Let’s take a moment to explore hardwoods.
How They’re Made
When comparing solid vs. engineered wood, one common misconception is that solid is real wood while engineered is fake. In fact, both types are made of natural wood, with the key difference lying in how they’re produced. Solid hardwood flooring is just that: a solid piece of wood from top to bottom. Each plank is created out of a single piece of wood and typically measures 5″wide by 3/4″ thick. As the graphic above illustrates, engineered hardwood flooring is comprised of layers of wood. The top is a solid hardwood veneer with substrates of high quality plywood layers. Like solid wood planks, engineered wood planks usually measure 5 inches wide, but are generally thinner with a depth of 3/8″ – 1/2″.
The Longevity of Solid
Put simply, solid wood flooring is a true classic and for good reason. It has a well-earned reputation for its durability and longevity, with a wide variety of dent and scratch resistant species to choose from. And since the planks are solid from top to bottom with a thick wear layer, they can be sanded and re-finished a number of times over its lifetime. The flooring is permanently installed by nailing it to the subfloor, resulting in that solid feel underfoot. This durability makes solid hardwood perfect for a wide range of low to high trafficked areas, from dens to dining rooms, foyers to bedrooms.

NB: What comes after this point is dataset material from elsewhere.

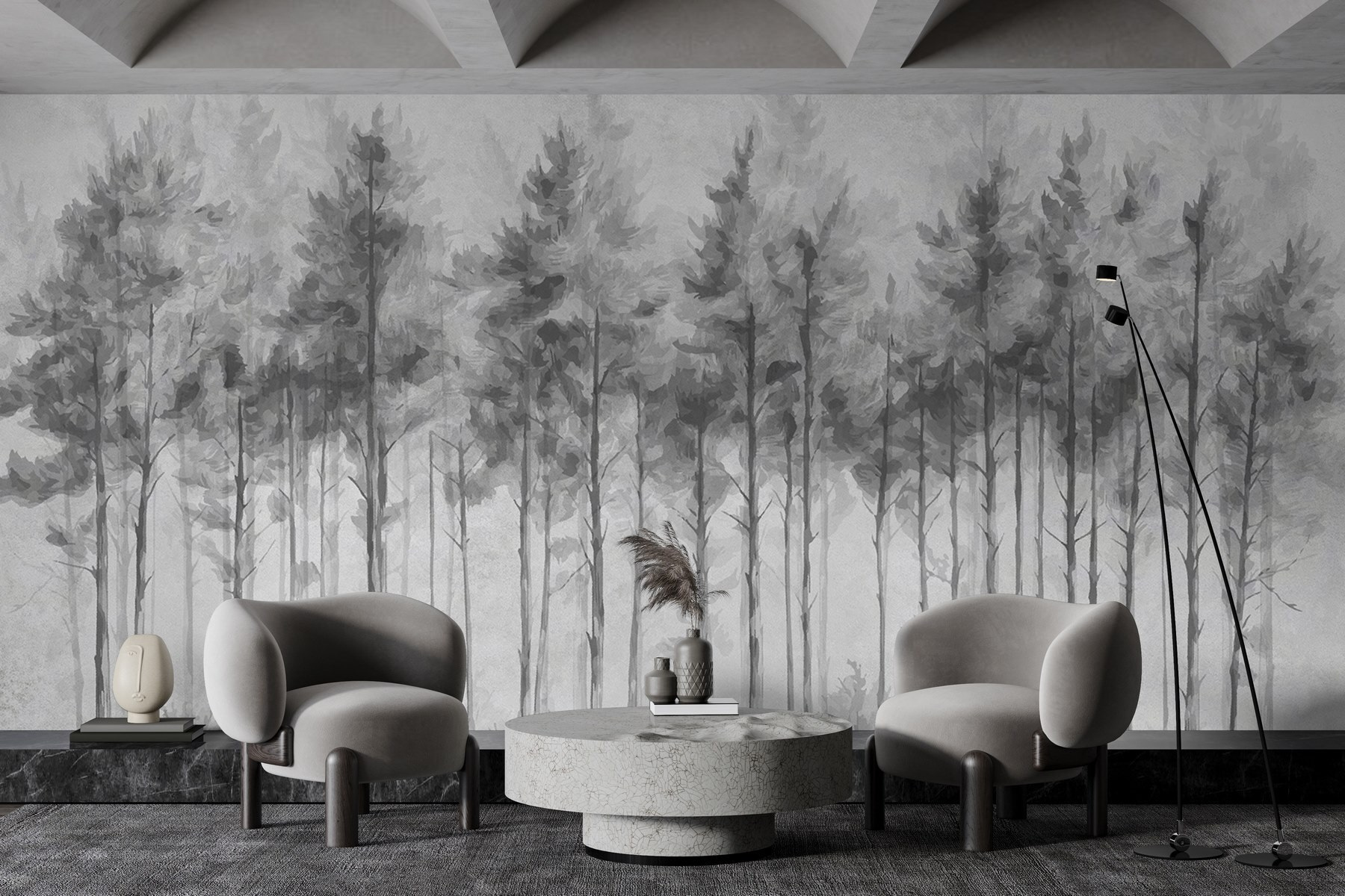 Představte si, že při každém vstupu do pokoje vstoupíte do klidného lesa. Tato nástěnná malba “Skupina stromů v lese” zachycuje tuto snovou atmosféru a mísí jemnou paletu šedé s elegantními siluetami stromů. Je to jako jemný šepot přírody, který vybízí ke klidu a pohodě. Je ideální do obývacího pokoje nebo čtecího koutku a možná vás inspiruje k tomu, abyste se schoulili do klubíčka s dobrou knihou – nebo třeba naplánovali pěší výlet, o kterém jste snili. Navíc, kdo by nechtěl nástěnnou malbu, díky které se bude cítit jako na klidném útěku? Milovníci přírody se radují – tahle je jako stvořená!

The feature that makes this type of hardwood so appealing to homeowners – its solid wood construction – also results in its biggest shortcomings. Being that the planks are single pieces of wood, they are more affected by factors like temperature and humidity, which can cause them to expand, contract, and shift. For this reason, its rarely recommended that solid hardwoods be used in rooms that are subject to higher moisture like bathrooms and kitchens. Because they planks are nailed down to a plywood subfloor, it is somewhat limited in where it can be installed.
The Versatility of Engineered
The biggest drawbacks of solid wood – issues with moisture, limited installation areas, and price – are some of engineered hardwood flooring’s biggest selling points. Although all wood products are prone to damage from water, the many layers that make up the core of engineered wood make it a far more stable flooring material in rooms subject to higher moisture, temperature, and humidity. And because engineered wood can be installed with a number of different methods, be it nailing, stapling, gluing, or floating, it can be laid on any manner of subfloor, including concrete slabs and radiant heating systems (like a heated bathroom floor). Like solid wood, engineered wood can be had in a variety of wood types and stains. Wider planks are also more readily available than in solid wood, which is typically confined to widths of 5″. The thinner planks of engineered wood are also beneficial when trying to match the height of an adjoining floor. Engineered wood can be cheaper than solid wood, though more premium collections with thicker hardwood layers, designs, and enhanced durability can have price tags comparable to solid.
Though certainly durable in its own right, engineered wood flooring has a thinner wear layer than solid wood. It can still be sanded and stained a number of times, but isn’t quite as long-lived as its solid wood cousin. One of the biggest complaints about engineered wood is the somewhat hollow sound and feel underfoot. Some brands feel more substantial than others. Also, nailing the planks to the subfloor as one would with a solid wood installation can result in a much sturdier underfoot feel.